DATA UNDER STUDY.
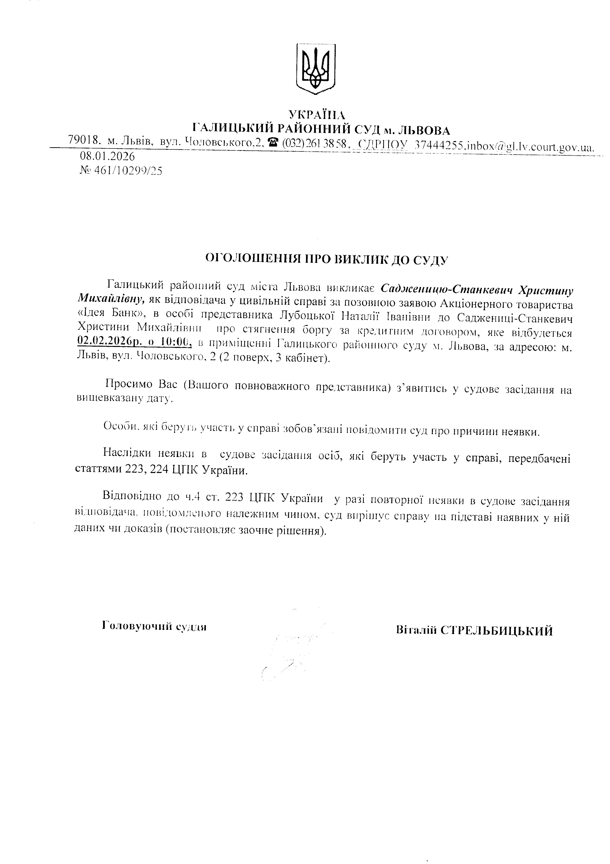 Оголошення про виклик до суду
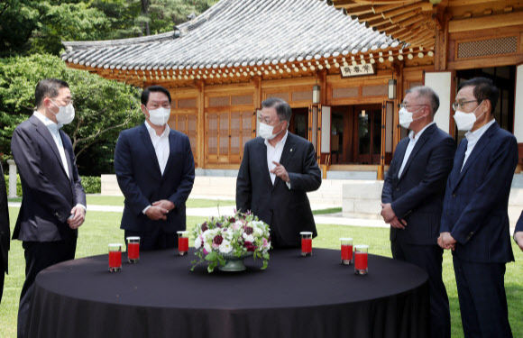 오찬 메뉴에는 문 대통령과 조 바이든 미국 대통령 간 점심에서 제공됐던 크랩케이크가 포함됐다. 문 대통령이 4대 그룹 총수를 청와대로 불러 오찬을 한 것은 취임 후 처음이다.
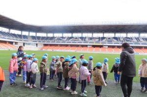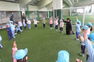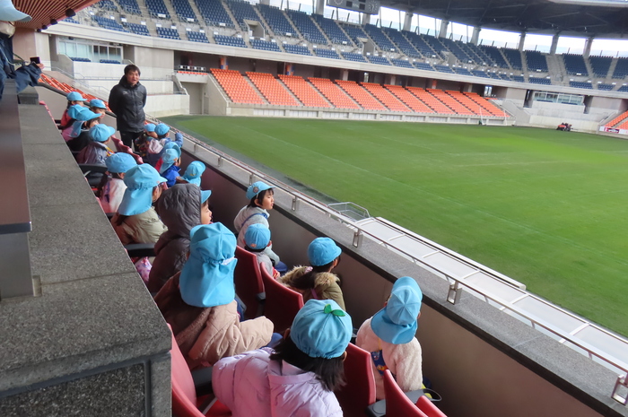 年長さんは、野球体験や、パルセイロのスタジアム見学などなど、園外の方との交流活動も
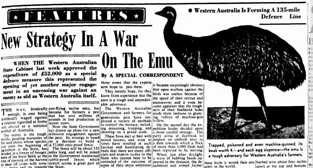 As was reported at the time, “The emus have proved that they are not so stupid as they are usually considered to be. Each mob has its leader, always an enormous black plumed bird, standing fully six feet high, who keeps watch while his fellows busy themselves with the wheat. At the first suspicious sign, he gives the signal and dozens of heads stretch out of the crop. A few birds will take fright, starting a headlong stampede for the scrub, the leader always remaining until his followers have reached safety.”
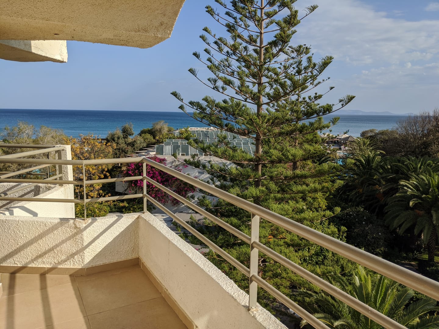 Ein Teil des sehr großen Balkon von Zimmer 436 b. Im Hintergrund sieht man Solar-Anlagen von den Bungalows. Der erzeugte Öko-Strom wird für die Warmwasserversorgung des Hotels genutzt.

TASK.
Omit the pictures, then set down all the remaining data exactly as given.

OUTPUT OF THE EXERCISE.
 Оголошення про виклик до суду
 오찬 메뉴에는 문 대통령과 조 바이든 미국 대통령 간 점심에서 제공됐던 크랩케이크가 포함됐다. 문 대통령이 4대 그룹 총수를 청와대로 불러 오찬을 한 것은 취임 후 처음이다.
 年長さんは、野球体験や、パルセイロのスタジアム見学などなど、園外の方との交流活動も
 As was reported at the time, “The emus have proved that they are not so stupid as they are usually considered to be. Each mob has its leader, always an enormous black plumed bird, standing fully six feet high, who keeps watch while his fellows busy themselves with the wheat. At the first suspicious sign, he gives the signal and dozens of heads stretch out of the crop. A few birds will take fright, starting a headlong stampede for the scrub, the leader always remaining until his followers have reached safety.”
 Ein Teil des sehr großen Balkon von Zimmer 436 b. Im Hintergrund sieht man Solar-Anlagen von den Bungalows. Der erzeugte Öko-Strom wird für die Warmwasserversorgung des Hotels genutzt.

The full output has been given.